American baseball player

Travis Anthony Metcalf (born August 17, 1982) is an American former professional baseball third baseman. He played parts of two seasons in Major League Baseball (MLB) for the Texas Rangers.

== Amateur career ==
He helped lead the Wamego Red Raider baseball program in Wamego to the Kansas 4A State Championship in 2000, his senior year at Wamego High School. Metcalf holds the career home run record at the University of Kansas with 29 and held the single season record (18) from 2003 to 2009.

== Professional career ==

=== Minor leagues ===
Metcalf was drafted by the Texas Rangers in the 11th round of the 2004 Major League Baseball draft. He spent two and a half years in Texas' minor league system, playing for the Spokane Indians, Bakersfield Blaze, Frisco RoughRiders, and Oklahoma RedHawks, before his contract was purchased by the Rangers on May 18, 2007.

=== Defense first ===
Metcalf is known more for his defensive prowess than his offensive accomplishments. Rangers then-Assistant General Manager Thad Levine said Metcalf "was ready to play in the major leagues" in 2005. His offense rebounded in 2007 and the Rangers at that point felt that Metcalf would be able to adequately fill in for the injured Hank Blalock.

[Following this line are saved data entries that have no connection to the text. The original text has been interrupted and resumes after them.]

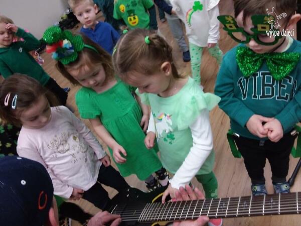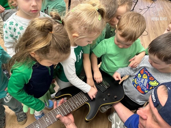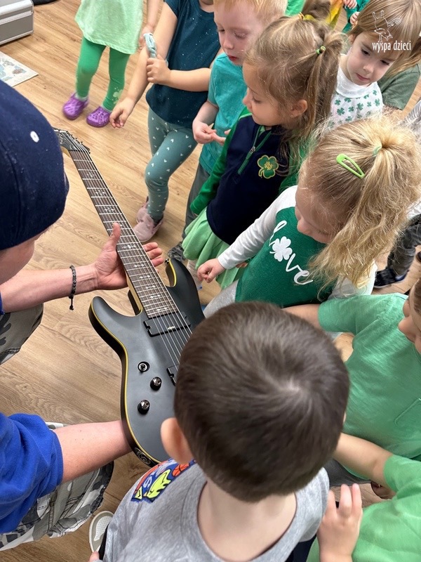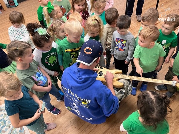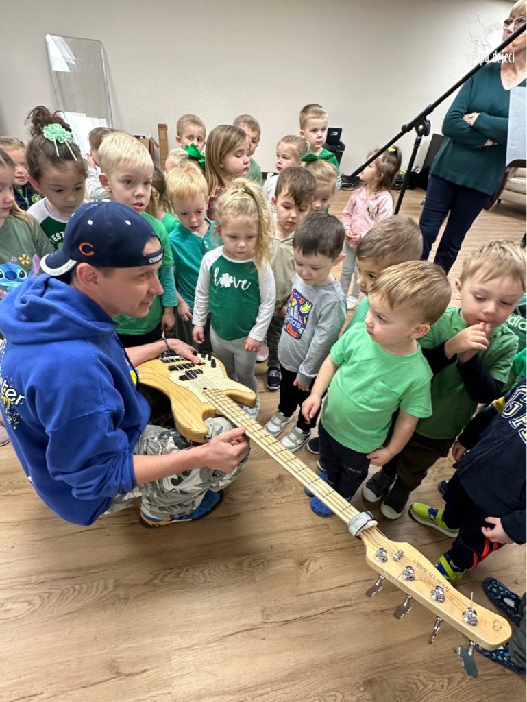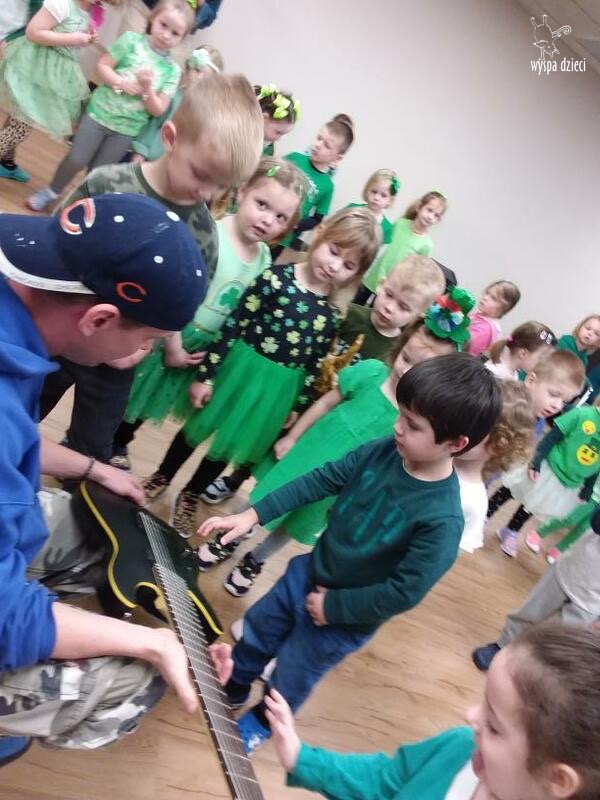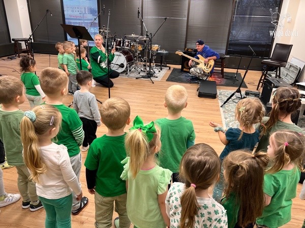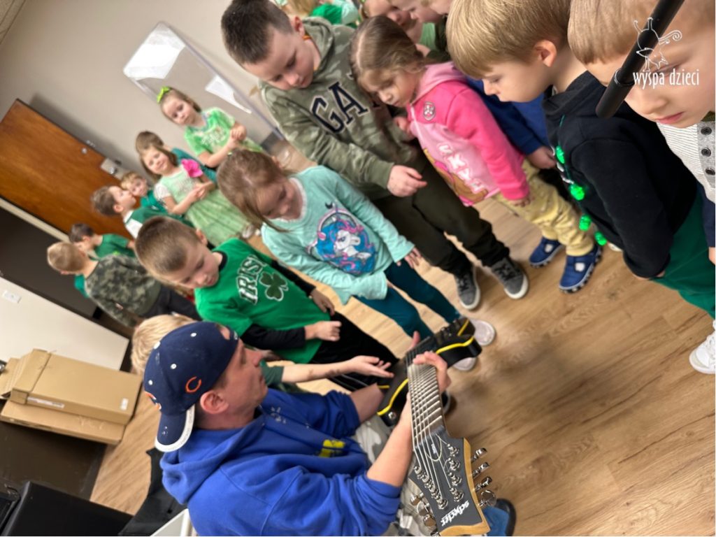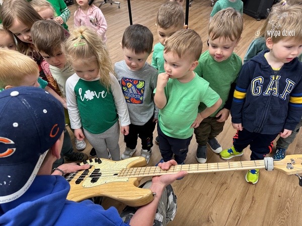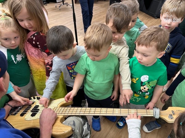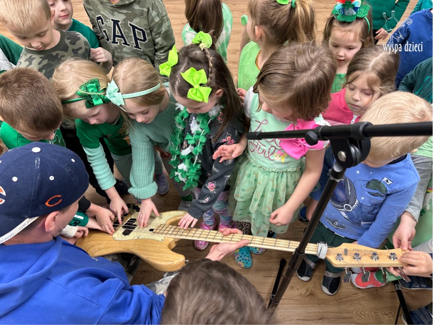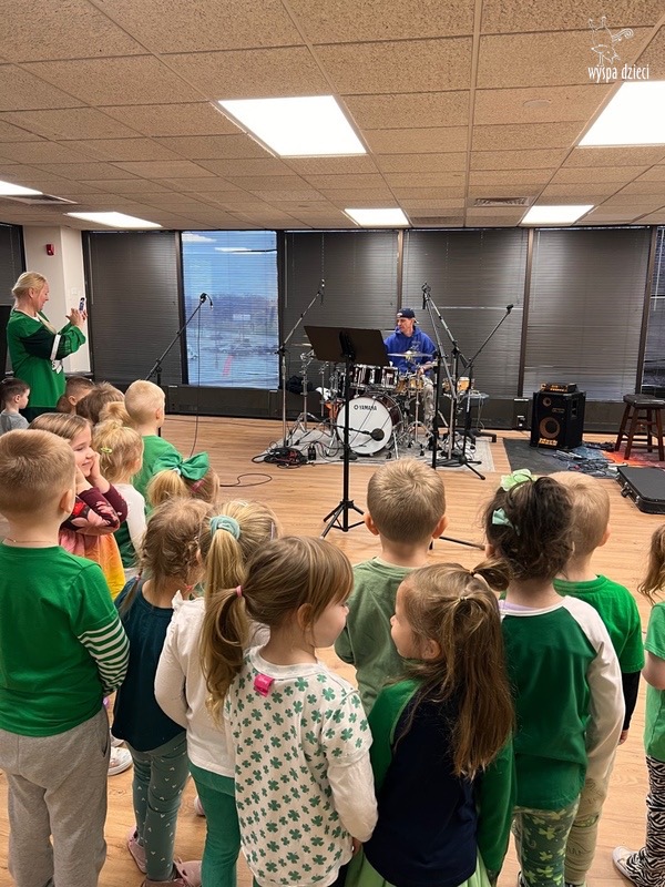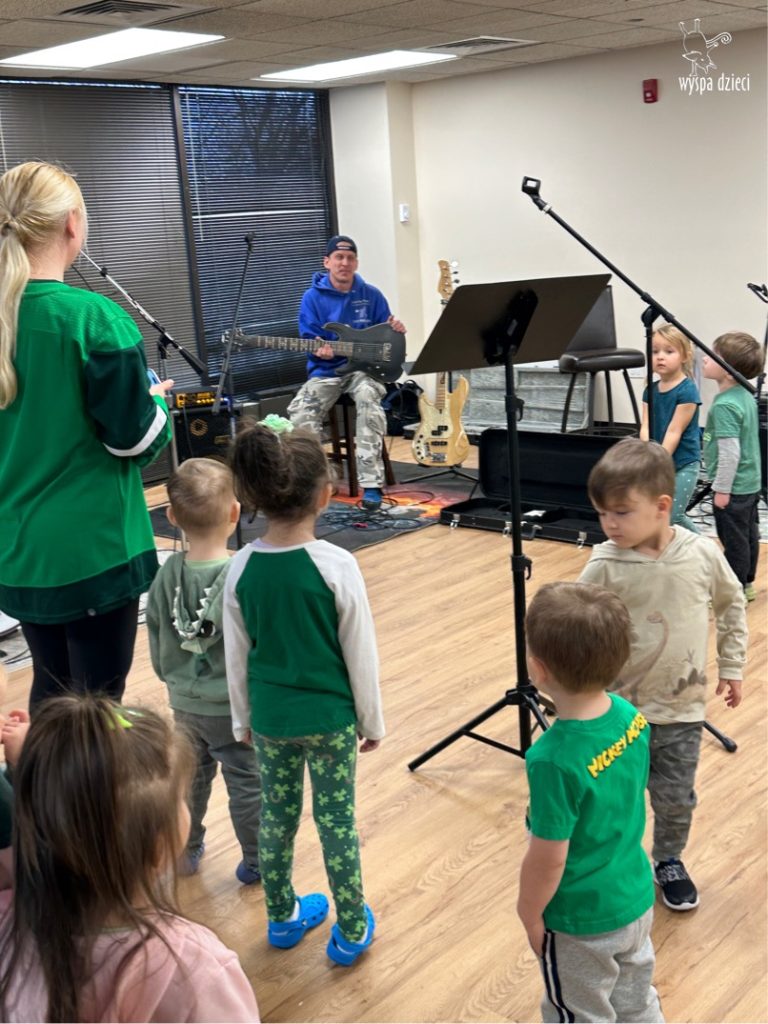 Młodsze grupy przedszkolakow z Wyspy Dzieci River Grove, dzięki uprzejmości Pana Bartka i Wojtka mogły choć chwile poczuć się jak prawdziwi muzycy. Odwiedzili miejsce w którym zobaczyli instrumenty na którym grają muzycy . Usłyszeli i zobaczyli różnice pomiędzy gitara elektryczna, a gitara basowa. Dowiedzieli się, z czego składa się perkusja. Jak również mogli zobaczyć różnice pomiędzy pianinem klasycznym a elektrycznym. Dzieci patrzyły z zapartym tchem jak Pan Bartek opowiadał o instrumentach i grał na nich. Dziekujemy za możliwość zobaczenia Waszego zaczarowanego muzycznego królestwa.
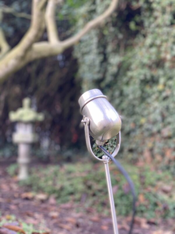 Edler GU10 Nickel Gartenstrahler mit Erdspieß und schwenkbarem Leuchtkopf
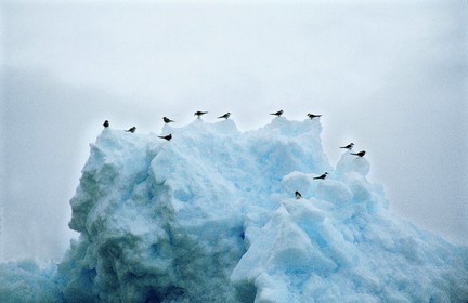 Antarctic Terns sitting on top of an iceberg in Paradise Harbour on the Antarctic Peninsula.
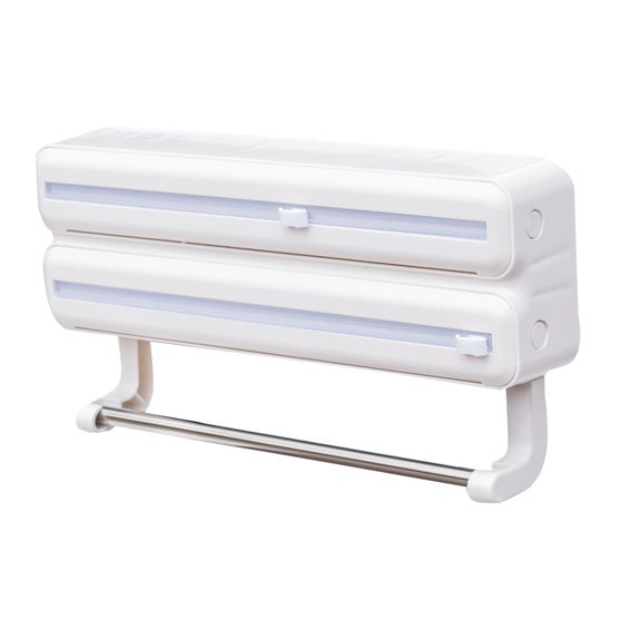 Holds and Stores Kitchen Tissue Paper Roll, Aluminum Foils and Plastic Wrap Films / Cling Film and Dispenses Them in One Single Unit.
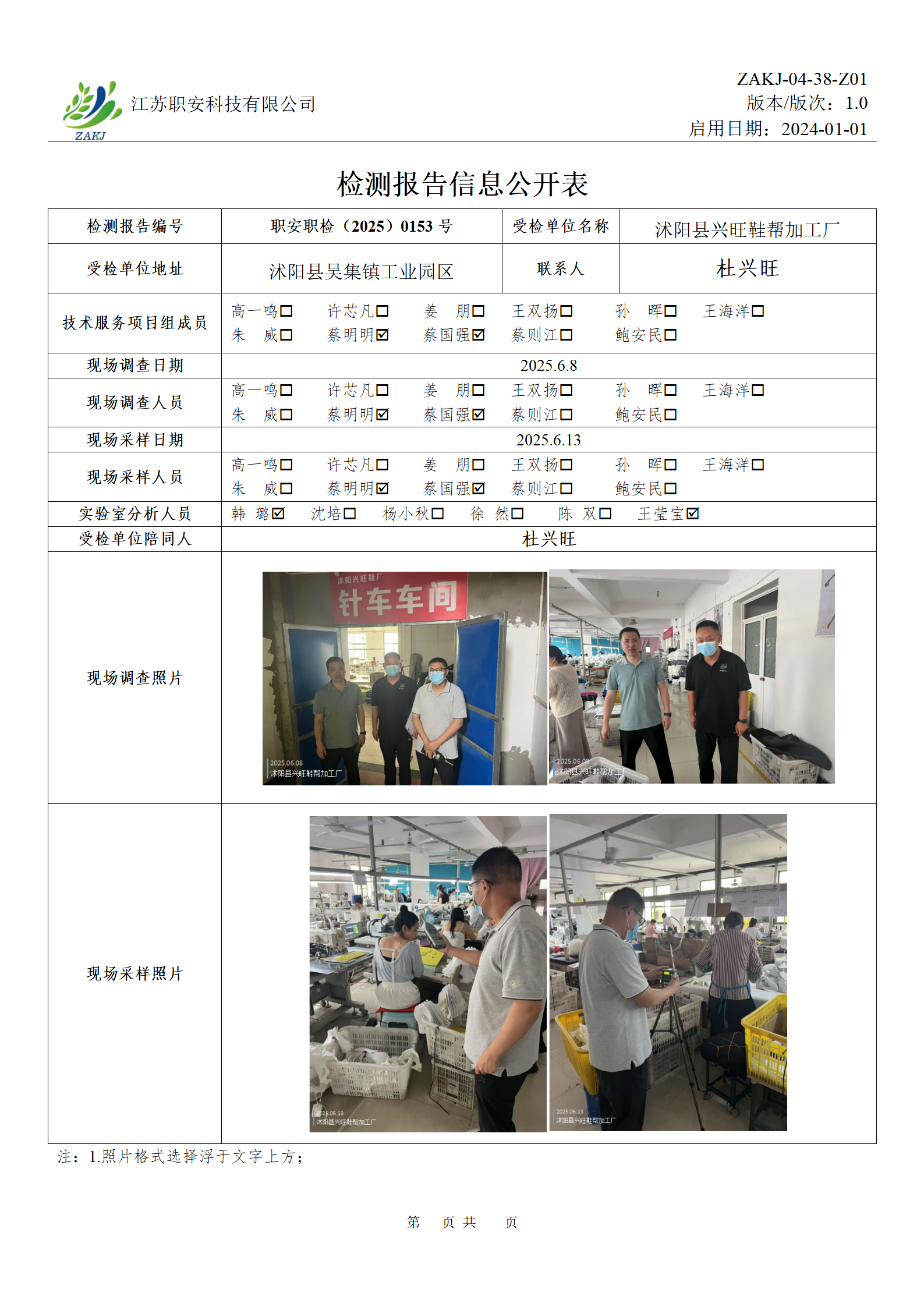 檢測報告公示

=== Major league career ===
Metcalf made his major league debut on May 19, 2007, against the Houston Astros. His first major league hit was a home run off Pirates pitcher, and former teammate at Kansas, Tom Gorzelanny. That August, he drove in four runs in each game of a doubleheader at Baltimore, the first game being a record-setting 30–3 rout.

=== Back to the minors ===
Following the Rangers' 2009 spring training camp, Metcalf was returned to the Triple-A Oklahoma RedHawks. On April 5, Metcalf was designated for assignment. He was claimed off waivers by the Kansas City Royals on April 8.

On August 19, 2009, Metcalf was released by the Kansas City Royals but re-signed with the Texas Rangers and was optioned to their Triple-A affiliate, the Oklahoma City Redhawks just 3 days later.

On February 23, 2010, Metcalf signed a minor league contract with the Colorado Rockies and played the 2010 season with the Colorado Rockies Triple-A affiliate, the Colorado Springs Sky Sox.

On April 27, 2011, Metcalf signed an independent league contract with the Fort Worth Cats. He was let go by the Cats later in the season and was picked up by the Lancaster Barnstormers.